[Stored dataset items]
· · · · ·

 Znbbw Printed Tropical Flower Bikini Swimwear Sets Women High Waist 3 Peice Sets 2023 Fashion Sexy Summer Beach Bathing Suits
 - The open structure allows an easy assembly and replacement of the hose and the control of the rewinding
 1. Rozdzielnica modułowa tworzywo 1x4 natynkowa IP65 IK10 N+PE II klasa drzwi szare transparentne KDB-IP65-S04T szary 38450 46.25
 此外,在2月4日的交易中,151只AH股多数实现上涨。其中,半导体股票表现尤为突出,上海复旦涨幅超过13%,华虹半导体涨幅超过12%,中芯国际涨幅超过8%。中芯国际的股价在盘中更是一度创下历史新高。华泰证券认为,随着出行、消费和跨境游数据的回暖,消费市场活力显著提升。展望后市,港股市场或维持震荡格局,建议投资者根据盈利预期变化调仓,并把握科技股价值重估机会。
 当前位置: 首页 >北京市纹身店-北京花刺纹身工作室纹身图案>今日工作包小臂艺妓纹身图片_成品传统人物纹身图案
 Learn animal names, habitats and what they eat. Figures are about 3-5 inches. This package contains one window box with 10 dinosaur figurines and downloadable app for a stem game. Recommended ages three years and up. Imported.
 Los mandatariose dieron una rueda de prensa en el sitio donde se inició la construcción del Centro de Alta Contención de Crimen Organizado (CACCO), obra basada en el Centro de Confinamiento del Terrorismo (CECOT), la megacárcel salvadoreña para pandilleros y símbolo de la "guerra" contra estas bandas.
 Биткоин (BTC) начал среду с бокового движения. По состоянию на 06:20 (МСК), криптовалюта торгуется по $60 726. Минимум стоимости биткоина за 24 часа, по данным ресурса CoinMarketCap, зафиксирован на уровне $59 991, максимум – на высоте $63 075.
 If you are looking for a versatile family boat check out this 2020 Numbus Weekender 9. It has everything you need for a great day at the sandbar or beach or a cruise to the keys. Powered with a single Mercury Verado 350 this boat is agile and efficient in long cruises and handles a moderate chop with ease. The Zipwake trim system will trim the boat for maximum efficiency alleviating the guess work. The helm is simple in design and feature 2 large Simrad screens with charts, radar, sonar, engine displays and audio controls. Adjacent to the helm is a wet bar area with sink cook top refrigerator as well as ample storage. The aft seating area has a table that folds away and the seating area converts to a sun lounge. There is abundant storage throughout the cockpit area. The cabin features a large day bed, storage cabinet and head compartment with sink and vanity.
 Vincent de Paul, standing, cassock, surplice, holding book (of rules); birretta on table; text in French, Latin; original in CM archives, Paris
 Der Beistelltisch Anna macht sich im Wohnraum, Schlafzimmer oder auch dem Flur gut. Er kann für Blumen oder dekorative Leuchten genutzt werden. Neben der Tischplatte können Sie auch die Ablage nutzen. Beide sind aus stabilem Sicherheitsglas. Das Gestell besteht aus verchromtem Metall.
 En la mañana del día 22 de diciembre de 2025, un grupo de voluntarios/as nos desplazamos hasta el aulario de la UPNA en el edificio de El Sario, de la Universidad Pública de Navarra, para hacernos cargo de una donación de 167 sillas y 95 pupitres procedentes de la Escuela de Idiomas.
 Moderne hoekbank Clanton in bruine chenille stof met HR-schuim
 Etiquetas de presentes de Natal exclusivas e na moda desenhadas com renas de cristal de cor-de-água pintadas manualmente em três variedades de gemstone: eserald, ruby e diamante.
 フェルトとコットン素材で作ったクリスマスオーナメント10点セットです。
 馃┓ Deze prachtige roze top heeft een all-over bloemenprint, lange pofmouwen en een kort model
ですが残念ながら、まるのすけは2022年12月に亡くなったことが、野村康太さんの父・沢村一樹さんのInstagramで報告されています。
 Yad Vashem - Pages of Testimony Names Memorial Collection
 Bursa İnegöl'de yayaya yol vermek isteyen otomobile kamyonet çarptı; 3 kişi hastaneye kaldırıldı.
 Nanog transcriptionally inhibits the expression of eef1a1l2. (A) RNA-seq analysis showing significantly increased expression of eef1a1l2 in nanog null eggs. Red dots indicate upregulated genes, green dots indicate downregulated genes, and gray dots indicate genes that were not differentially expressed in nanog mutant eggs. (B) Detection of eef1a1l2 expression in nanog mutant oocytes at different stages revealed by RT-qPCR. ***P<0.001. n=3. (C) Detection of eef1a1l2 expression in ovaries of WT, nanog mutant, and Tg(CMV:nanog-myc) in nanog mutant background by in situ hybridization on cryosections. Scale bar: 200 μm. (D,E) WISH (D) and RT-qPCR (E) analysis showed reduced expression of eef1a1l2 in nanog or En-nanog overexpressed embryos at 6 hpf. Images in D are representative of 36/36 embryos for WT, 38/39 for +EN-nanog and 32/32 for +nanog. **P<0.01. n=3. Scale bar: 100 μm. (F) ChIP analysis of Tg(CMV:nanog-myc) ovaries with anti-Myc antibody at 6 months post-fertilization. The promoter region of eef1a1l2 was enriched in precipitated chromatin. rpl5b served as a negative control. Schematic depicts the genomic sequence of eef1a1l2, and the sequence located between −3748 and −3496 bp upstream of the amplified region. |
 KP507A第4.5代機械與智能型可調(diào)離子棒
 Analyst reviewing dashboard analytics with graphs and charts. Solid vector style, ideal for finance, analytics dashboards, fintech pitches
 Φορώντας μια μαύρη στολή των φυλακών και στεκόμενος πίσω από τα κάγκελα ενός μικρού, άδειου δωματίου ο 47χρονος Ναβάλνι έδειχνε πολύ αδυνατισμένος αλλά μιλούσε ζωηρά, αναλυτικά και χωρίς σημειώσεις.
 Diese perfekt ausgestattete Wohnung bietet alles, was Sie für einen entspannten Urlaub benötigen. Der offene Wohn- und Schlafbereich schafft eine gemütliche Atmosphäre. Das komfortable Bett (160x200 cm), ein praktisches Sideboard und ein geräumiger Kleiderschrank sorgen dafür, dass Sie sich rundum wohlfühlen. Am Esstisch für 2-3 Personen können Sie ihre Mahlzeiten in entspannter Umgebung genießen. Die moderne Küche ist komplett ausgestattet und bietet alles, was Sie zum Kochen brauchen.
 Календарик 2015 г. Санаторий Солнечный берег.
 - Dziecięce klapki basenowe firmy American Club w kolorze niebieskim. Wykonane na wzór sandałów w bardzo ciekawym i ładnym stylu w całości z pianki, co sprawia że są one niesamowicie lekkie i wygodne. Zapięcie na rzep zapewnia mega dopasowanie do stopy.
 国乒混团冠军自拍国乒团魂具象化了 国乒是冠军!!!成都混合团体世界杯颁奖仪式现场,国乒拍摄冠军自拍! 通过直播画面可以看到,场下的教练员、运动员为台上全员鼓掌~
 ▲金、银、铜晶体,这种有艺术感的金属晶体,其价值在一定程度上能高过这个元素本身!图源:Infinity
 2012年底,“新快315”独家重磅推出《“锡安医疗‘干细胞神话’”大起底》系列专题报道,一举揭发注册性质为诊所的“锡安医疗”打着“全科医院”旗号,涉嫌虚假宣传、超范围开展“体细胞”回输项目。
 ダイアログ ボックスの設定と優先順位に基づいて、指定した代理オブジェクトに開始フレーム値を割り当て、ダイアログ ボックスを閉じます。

· · · · ·

### Exercise aim
Please copy the line holding "KP507A第4.5代機械與智能型可調(diào)離子棒" and all lines after it to the end of the records, exactly, and nothing else.

### Exercise answer
 KP507A第4.5代機械與智能型可調(diào)離子棒
 Analyst reviewing dashboard analytics with graphs and charts. Solid vector style, ideal for finance, analytics dashboards, fintech pitches
 Φορώντας μια μαύρη στολή των φυλακών και στεκόμενος πίσω από τα κάγκελα ενός μικρού, άδειου δωματίου ο 47χρονος Ναβάλνι έδειχνε πολύ αδυνατισμένος αλλά μιλούσε ζωηρά, αναλυτικά και χωρίς σημειώσεις.
 Diese perfekt ausgestattete Wohnung bietet alles, was Sie für einen entspannten Urlaub benötigen. Der offene Wohn- und Schlafbereich schafft eine gemütliche Atmosphäre. Das komfortable Bett (160x200 cm), ein praktisches Sideboard und ein geräumiger Kleiderschrank sorgen dafür, dass Sie sich rundum wohlfühlen. Am Esstisch für 2-3 Personen können Sie ihre Mahlzeiten in entspannter Umgebung genießen. Die moderne Küche ist komplett ausgestattet und bietet alles, was Sie zum Kochen brauchen.
 Календарик 2015 г. Санаторий Солнечный берег.
 - Dziecięce klapki basenowe firmy American Club w kolorze niebieskim. Wykonane na wzór sandałów w bardzo ciekawym i ładnym stylu w całości z pianki, co sprawia że są one niesamowicie lekkie i wygodne. Zapięcie na rzep zapewnia mega dopasowanie do stopy.
 国乒混团冠军自拍国乒团魂具象化了 国乒是冠军!!!成都混合团体世界杯颁奖仪式现场,国乒拍摄冠军自拍! 通过直播画面可以看到,场下的教练员、运动员为台上全员鼓掌~
 ▲金、银、铜晶体,这种有艺术感的金属晶体,其价值在一定程度上能高过这个元素本身!图源:Infinity
 2012年底,“新快315”独家重磅推出《“锡安医疗‘干细胞神话’”大起底》系列专题报道,一举揭发注册性质为诊所的“锡安医疗”打着“全科医院”旗号,涉嫌虚假宣传、超范围开展“体细胞”回输项目。
 ダイアログ ボックスの設定と優先順位に基づいて、指定した代理オブジェクトに開始フレーム値を割り当て、ダイアログ ボックスを閉じます。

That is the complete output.